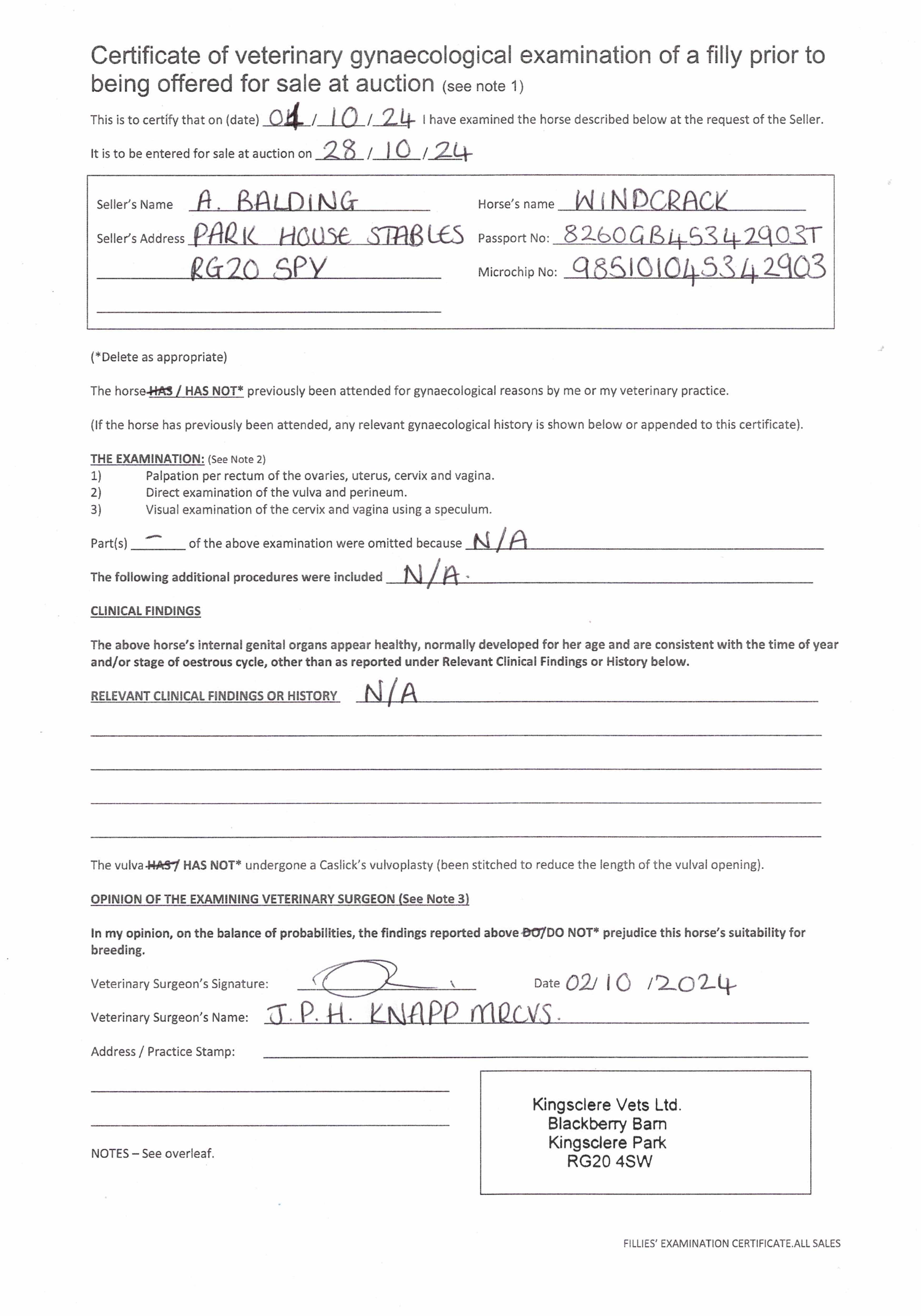 Consignor: Kingsclere Training Stables (A. Balding)
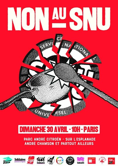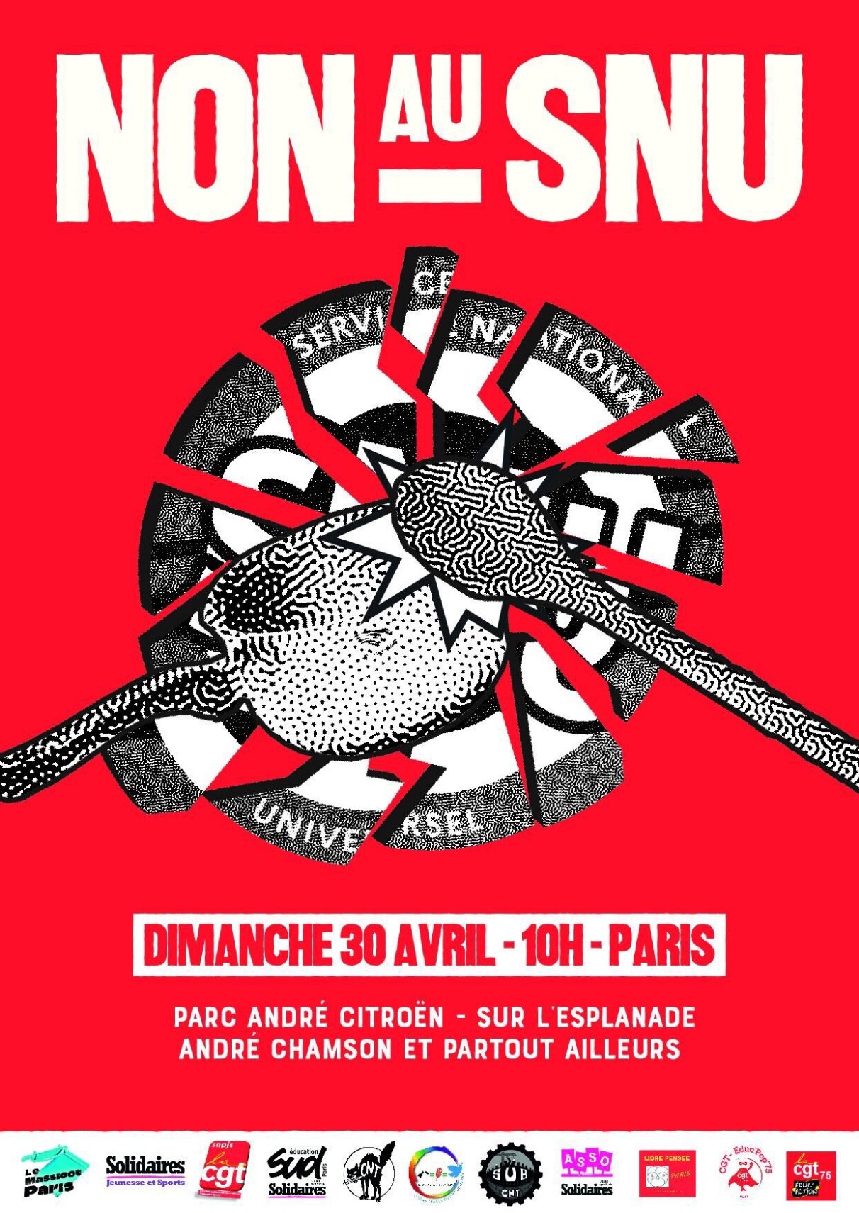 Ce dimanche à Paris, il y a une action contre le village du Service national universel (SNU) dans le 15e arrondissement. Un rassemblement est appelé par l'intersyndicale Solidaires-CGT-FSU à 10h au parc André Citroën. Ramenez vos casseroles ! #NonAuSNU
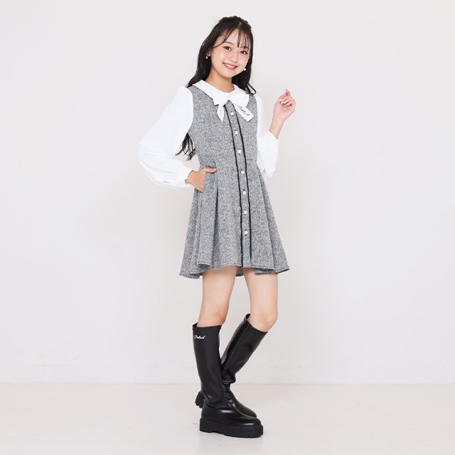 11/10NEW PINKHUNT ツイードレイヤードワンピース 1154K
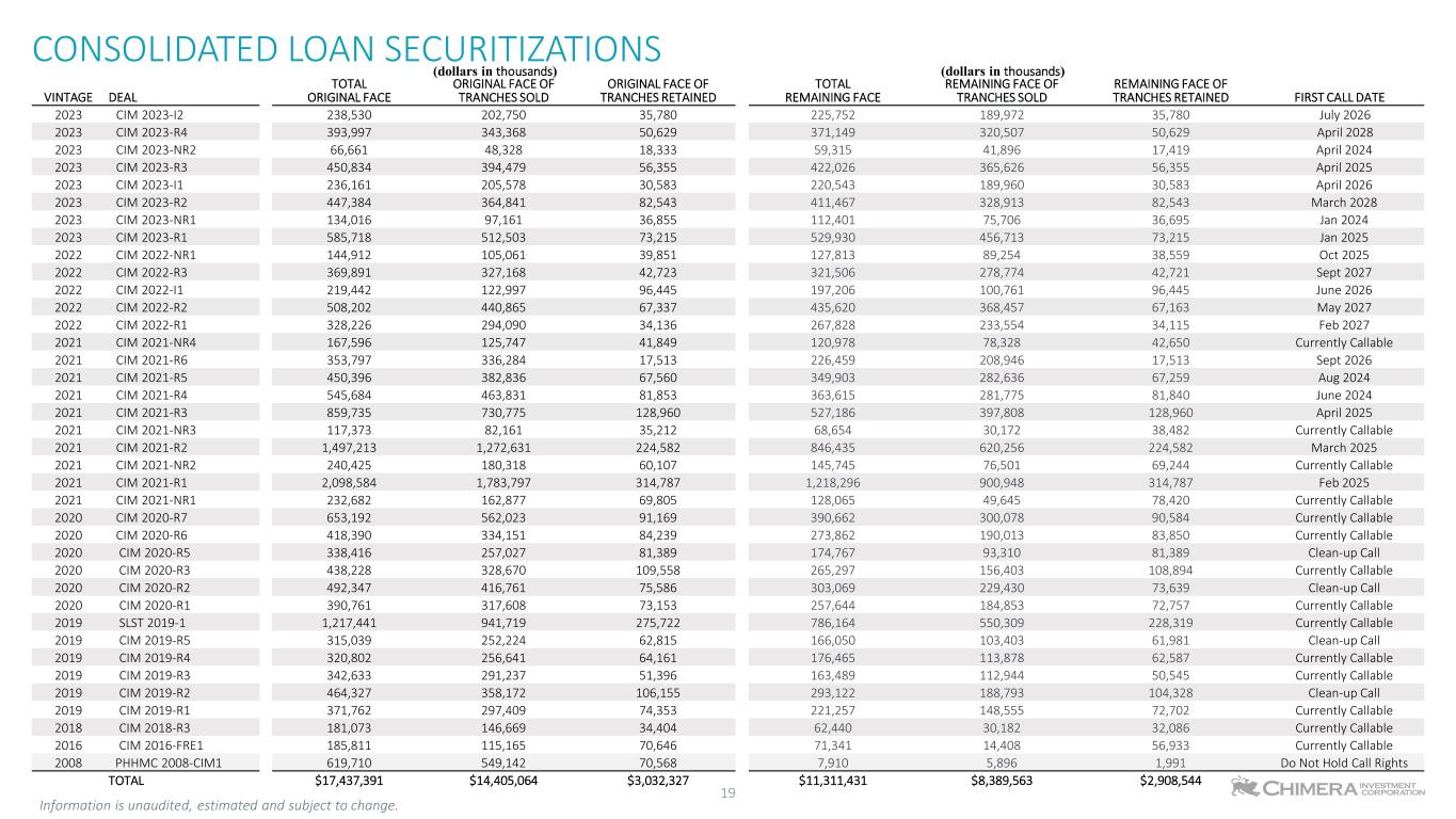 CONSOLIDATED LOAN SECURITIZATIONS 19 VINTAGE DEAL TOTAL ORIGINAL FACE ORIGINAL FACE OF TRANCHES SOLD ORIGINAL FACE OF TRANCHES RETAINED TOTAL REMAINING FACE REMAINING FACE OF TRANCHES SOLD REMAINING FACE OF TRANCHES RETAINED FIRST CALL DATE 2023 CIM 2023-I2 238,530 202,750 35,780 225,752 189,972 35,780 July 2026 2023 CIM 2023-R4 393,997 343,368 50,629 371,149 320,507 50,629 April 2028 2023 CIM 2023-NR2 66,661 48,328 18,333 59,315 41,896 17,419 April 2024 2023 CIM 2023-R3 450,834 394,479 56,355 422,026 365,626 56,355 April 2025 2023 CIM 2023-I1 236,161 205,578 30,583 220,543 189,960 30,583 April 2026 2023 CIM 2023-R2 447,384 364,841 82,543 411,467 328,913 82,543 March 2028 2023 CIM 2023-NR1 134,016 97,161 36,855 112,401 75,706 36,695 Jan 2024 2023 CIM 2023-R1 585,718 512,503 73,215 529,930 456,713 73,215 Jan 2025 2022 CIM 2022-NR1 144,912 105,061 39,851 127,813 89,254 38,559 Oct 2025 2022 CIM 2022-R3 369,891 327,168 42,723 321,506 278,774 42,721 Sept 2027 2022 CIM 2022-I1 219,442 122,997 96,445 197,206 100,761 96,445 June 2026 2022 CIM 2022-R2 508,202 440,865 67,337 435,620 368,457 67,163 May 2027 2022 CIM 2022-R1 328,226 294,090 34,136 267,828 233,554 34,115 Feb 2027 2021 CIM 2021-NR4 167,596 125,747 41,849 120,978 78,328 42,650 Currently Callable 2021 CIM 2021-R6 353,797 336,284 17,513 226,459 208,946 17,513 Sept 2026 2021 CIM 2021-R5 450,396 382,836 67,560 349,903 282,636 67,259 Aug 2024 2021 CIM 2021-R4 545,684 463,831 81,853 363,615 281,775 81,840 June 2024 2021 CIM 2021-R3 859,735 730,775 128,960 527,186 397,808 128,960 April 2025 2021 CIM 2021-NR3 117,373 82,161 35,212 68,654 30,172 38,482 Currently Callable 2021 CIM 2021-R2 1,497,213 1,272,631 224,582 846,435 620,256 224,582 March 2025 2021 CIM 2021-NR2 240,425 180,318 60,107 145,745 76,501 69,244 Currently Callable 2021 CIM 2021-R1 2,098,584 1,783,797 314,787 1,218,296 900,948 314,787 Feb 2025 2021 CIM 2021-NR1 232,682 162,877 69,805 128,065 49,645 78,420 Currently Callable 2020 CIM 2020-R7 653,192 562,023 91,169 390,662 300,078 90,584 Currently Callable 2020 CIM 2020-R6 418,390 334,151 84,239 273,862 190,013 83,850 Currently Callable 2020 CIM 2020-R5 338,416 257,027 81,389 174,767 93,310 81,389 Clean-up Call 2020 CIM 2020-R3 438,228 328,670 109,558 265,297 156,403 108,894 Currently Callable 2020 CIM 2020-R2 492,347 416,761 75,586 303,069 229,430 73,639 Clean-up Call 2020 CIM 2020-R1 390,761 317,608 73,153 257,644 184,853 72,757 Currently Callable 2019 SLST 2019-1 1,217,441 941,719 275,722 786,164 550,309 228,319 Currently Callable 2019 CIM 2019-R5 315,039 252,224 62,815 166,050 103,403 61,981 Clean-up Call 2019 CIM 2019-R4 320,802 256,641 64,161 176,465 113,878 62,587 Currently Callable 2019 CIM 2019-R3 342,633 291,237 51,396 163,489 112,944 50,545 Currently Callable 2019 CIM 2019-R2 464,327 358,172 106,155 293,122 188,793 104,328 Clean-up Call 2019 CIM 2019-R1 371,762 297,409 74,353 221,257 148,555 72,702 Currently Callable 2018 CIM 2018-R3 181,073 146,669 34,404 62,440 30,182 32,086 Currently Callable 2016 CIM 2016-FRE1 185,811 115,165 70,646 71,341 14,408 56,933 Currently Callable 2008 PHHMC 2008-CIM1 619,710 549,142 70,568 7,910 5,896 1,991 Do Not Hold Call Rights TOTAL $17,437,391 $14,405,064 $3,032,327 $11,311,431 $8,389,563 $2,908,544 Information is unaudited, estimated and subject to change. (dollars in thousands) (dollars in thousands)

■ DIRECTIONS FOR THIS TASK: Each line above gets copied exactly; leave the pictures out.

■ ANSWER TO THIS EXERCISE:
 Consignor: Kingsclere Training Stables (A. Balding)
 Ce dimanche à Paris, il y a une action contre le village du Service national universel (SNU) dans le 15e arrondissement. Un rassemblement est appelé par l'intersyndicale Solidaires-CGT-FSU à 10h au parc André Citroën. Ramenez vos casseroles ! #NonAuSNU
 11/10NEW PINKHUNT ツイードレイヤードワンピース 1154K
 CONSOLIDATED LOAN SECURITIZATIONS 19 VINTAGE DEAL TOTAL ORIGINAL FACE ORIGINAL FACE OF TRANCHES SOLD ORIGINAL FACE OF TRANCHES RETAINED TOTAL REMAINING FACE REMAINING FACE OF TRANCHES SOLD REMAINING FACE OF TRANCHES RETAINED FIRST CALL DATE 2023 CIM 2023-I2 238,530 202,750 35,780 225,752 189,972 35,780 July 2026 2023 CIM 2023-R4 393,997 343,368 50,629 371,149 320,507 50,629 April 2028 2023 CIM 2023-NR2 66,661 48,328 18,333 59,315 41,896 17,419 April 2024 2023 CIM 2023-R3 450,834 394,479 56,355 422,026 365,626 56,355 April 2025 2023 CIM 2023-I1 236,161 205,578 30,583 220,543 189,960 30,583 April 2026 2023 CIM 2023-R2 447,384 364,841 82,543 411,467 328,913 82,543 March 2028 2023 CIM 2023-NR1 134,016 97,161 36,855 112,401 75,706 36,695 Jan 2024 2023 CIM 2023-R1 585,718 512,503 73,215 529,930 456,713 73,215 Jan 2025 2022 CIM 2022-NR1 144,912 105,061 39,851 127,813 89,254 38,559 Oct 2025 2022 CIM 2022-R3 369,891 327,168 42,723 321,506 278,774 42,721 Sept 2027 2022 CIM 2022-I1 219,442 122,997 96,445 197,206 100,761 96,445 June 2026 2022 CIM 2022-R2 508,202 440,865 67,337 435,620 368,457 67,163 May 2027 2022 CIM 2022-R1 328,226 294,090 34,136 267,828 233,554 34,115 Feb 2027 2021 CIM 2021-NR4 167,596 125,747 41,849 120,978 78,328 42,650 Currently Callable 2021 CIM 2021-R6 353,797 336,284 17,513 226,459 208,946 17,513 Sept 2026 2021 CIM 2021-R5 450,396 382,836 67,560 349,903 282,636 67,259 Aug 2024 2021 CIM 2021-R4 545,684 463,831 81,853 363,615 281,775 81,840 June 2024 2021 CIM 2021-R3 859,735 730,775 128,960 527,186 397,808 128,960 April 2025 2021 CIM 2021-NR3 117,373 82,161 35,212 68,654 30,172 38,482 Currently Callable 2021 CIM 2021-R2 1,497,213 1,272,631 224,582 846,435 620,256 224,582 March 2025 2021 CIM 2021-NR2 240,425 180,318 60,107 145,745 76,501 69,244 Currently Callable 2021 CIM 2021-R1 2,098,584 1,783,797 314,787 1,218,296 900,948 314,787 Feb 2025 2021 CIM 2021-NR1 232,682 162,877 69,805 128,065 49,645 78,420 Currently Callable 2020 CIM 2020-R7 653,192 562,023 91,169 390,662 300,078 90,584 Currently Callable 2020 CIM 2020-R6 418,390 334,151 84,239 273,862 190,013 83,850 Currently Callable 2020 CIM 2020-R5 338,416 257,027 81,389 174,767 93,310 81,389 Clean-up Call 2020 CIM 2020-R3 438,228 328,670 109,558 265,297 156,403 108,894 Currently Callable 2020 CIM 2020-R2 492,347 416,761 75,586 303,069 229,430 73,639 Clean-up Call 2020 CIM 2020-R1 390,761 317,608 73,153 257,644 184,853 72,757 Currently Callable 2019 SLST 2019-1 1,217,441 941,719 275,722 786,164 550,309 228,319 Currently Callable 2019 CIM 2019-R5 315,039 252,224 62,815 166,050 103,403 61,981 Clean-up Call 2019 CIM 2019-R4 320,802 256,641 64,161 176,465 113,878 62,587 Currently Callable 2019 CIM 2019-R3 342,633 291,237 51,396 163,489 112,944 50,545 Currently Callable 2019 CIM 2019-R2 464,327 358,172 106,155 293,122 188,793 104,328 Clean-up Call 2019 CIM 2019-R1 371,762 297,409 74,353 221,257 148,555 72,702 Currently Callable 2018 CIM 2018-R3 181,073 146,669 34,404 62,440 30,182 32,086 Currently Callable 2016 CIM 2016-FRE1 185,811 115,165 70,646 71,341 14,408 56,933 Currently Callable 2008 PHHMC 2008-CIM1 619,710 549,142 70,568 7,910 5,896 1,991 Do Not Hold Call Rights TOTAL $17,437,391 $14,405,064 $3,032,327 $11,311,431 $8,389,563 $2,908,544 Information is unaudited, estimated and subject to change. (dollars in thousands) (dollars in thousands)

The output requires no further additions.